Remember that RAID 1 does protect you from a disk failure but not a data error of controller failure so use it as part of your back up strategy not as the whole back up strategy.
its more for increased read speeds than it is for backup as it will be an OS drive. Is that the best raid mode to use?
Raid 1 (mirror) doesn't improve the speeds as all it is doing is cloning 1 disc to another in case 1 fails.
If you want increased speeds, then RAID 0 (stripe) is going to have to be the one you should be looking at
As Lee said for increased performance you would be looking at RAID 0 (striping). This RAID configuration has no fault tolerance so you would need to back up.

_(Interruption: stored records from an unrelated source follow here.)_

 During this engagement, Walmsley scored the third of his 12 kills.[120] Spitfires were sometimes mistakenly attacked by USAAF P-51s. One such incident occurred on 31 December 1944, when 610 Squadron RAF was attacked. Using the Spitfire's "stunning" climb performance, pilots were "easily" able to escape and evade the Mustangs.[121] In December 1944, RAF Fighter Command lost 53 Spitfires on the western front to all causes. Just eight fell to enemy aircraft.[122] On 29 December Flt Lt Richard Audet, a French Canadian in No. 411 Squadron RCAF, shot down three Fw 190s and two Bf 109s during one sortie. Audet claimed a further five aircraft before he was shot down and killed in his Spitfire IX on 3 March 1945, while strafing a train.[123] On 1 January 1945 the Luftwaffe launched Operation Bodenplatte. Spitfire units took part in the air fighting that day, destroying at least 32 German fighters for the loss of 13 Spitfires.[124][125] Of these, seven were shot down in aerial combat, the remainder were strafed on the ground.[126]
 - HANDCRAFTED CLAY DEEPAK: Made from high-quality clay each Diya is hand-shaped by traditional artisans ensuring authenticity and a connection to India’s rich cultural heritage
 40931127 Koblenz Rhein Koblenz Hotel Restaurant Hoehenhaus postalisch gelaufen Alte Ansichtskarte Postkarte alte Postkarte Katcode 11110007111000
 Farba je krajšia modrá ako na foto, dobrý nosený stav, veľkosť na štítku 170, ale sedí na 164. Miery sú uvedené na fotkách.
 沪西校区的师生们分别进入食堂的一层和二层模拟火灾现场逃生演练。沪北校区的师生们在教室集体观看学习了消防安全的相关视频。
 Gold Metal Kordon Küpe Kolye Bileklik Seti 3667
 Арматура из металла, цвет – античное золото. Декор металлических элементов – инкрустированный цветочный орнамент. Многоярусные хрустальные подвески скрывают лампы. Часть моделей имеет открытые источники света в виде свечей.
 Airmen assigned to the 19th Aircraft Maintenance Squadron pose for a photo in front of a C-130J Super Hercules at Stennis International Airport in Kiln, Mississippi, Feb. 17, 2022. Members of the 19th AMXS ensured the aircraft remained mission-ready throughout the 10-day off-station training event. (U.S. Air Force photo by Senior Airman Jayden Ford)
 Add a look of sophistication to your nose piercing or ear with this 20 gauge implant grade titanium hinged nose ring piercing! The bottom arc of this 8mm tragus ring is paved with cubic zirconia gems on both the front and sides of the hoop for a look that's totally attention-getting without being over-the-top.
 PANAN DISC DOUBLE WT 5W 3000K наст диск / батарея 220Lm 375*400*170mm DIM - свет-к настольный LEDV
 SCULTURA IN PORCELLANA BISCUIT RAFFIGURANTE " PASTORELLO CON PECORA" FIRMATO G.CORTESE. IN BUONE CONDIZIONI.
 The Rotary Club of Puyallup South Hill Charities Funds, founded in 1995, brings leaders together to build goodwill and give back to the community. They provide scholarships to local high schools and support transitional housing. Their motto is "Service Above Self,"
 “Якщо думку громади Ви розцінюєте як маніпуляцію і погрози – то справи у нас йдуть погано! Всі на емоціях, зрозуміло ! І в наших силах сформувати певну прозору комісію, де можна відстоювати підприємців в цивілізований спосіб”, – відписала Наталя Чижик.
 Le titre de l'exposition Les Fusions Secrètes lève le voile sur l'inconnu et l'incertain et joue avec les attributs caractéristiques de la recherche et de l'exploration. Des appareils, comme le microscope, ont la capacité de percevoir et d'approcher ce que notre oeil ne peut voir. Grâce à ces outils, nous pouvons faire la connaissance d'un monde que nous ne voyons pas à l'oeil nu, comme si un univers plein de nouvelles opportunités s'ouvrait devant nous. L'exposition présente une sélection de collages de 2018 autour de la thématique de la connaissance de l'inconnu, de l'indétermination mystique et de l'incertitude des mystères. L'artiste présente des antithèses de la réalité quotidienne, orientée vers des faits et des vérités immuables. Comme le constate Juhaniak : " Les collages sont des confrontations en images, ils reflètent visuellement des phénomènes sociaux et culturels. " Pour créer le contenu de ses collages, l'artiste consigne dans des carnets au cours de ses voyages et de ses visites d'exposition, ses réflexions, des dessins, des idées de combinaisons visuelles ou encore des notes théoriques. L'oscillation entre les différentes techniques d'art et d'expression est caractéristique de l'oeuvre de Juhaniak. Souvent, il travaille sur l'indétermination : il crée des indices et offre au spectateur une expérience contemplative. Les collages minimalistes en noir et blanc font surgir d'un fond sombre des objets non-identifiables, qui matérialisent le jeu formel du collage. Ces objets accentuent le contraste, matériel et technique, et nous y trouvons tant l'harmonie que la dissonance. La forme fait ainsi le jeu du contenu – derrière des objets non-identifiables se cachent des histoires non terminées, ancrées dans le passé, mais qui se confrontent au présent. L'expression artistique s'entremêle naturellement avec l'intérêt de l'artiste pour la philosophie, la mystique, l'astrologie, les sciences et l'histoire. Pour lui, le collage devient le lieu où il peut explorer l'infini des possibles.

Wikipedia has a good article on RAID:
http://en.wikipedia.org/wiki/Redunda...ependent_disks
The bad thing about Raid 0 is if one of the HD's fails, the whole raid fails and you will lose all the data on both HD's. On the other size you get the speed increase. I have a 4 HD Raid 0 set up (which I backup every night) with 2 old 250GB western digital drive (WD2500KS) and 2 of the newer 250GB western digital drives and its working great :)
Correct for all home RAID setups. I think on some newer enterprise class controllers, they load balance between the 2 disks for reading now.
I've not looked into it, but on our HP servers, there is no RAID 1 available - only RAID 0+1 even for 2 disks. I suspect it divides the initial disk into stripes then mirrors it then it can read from alternate stripes simultaneously. I haven't tested that so can;t say for sure if it does do that though.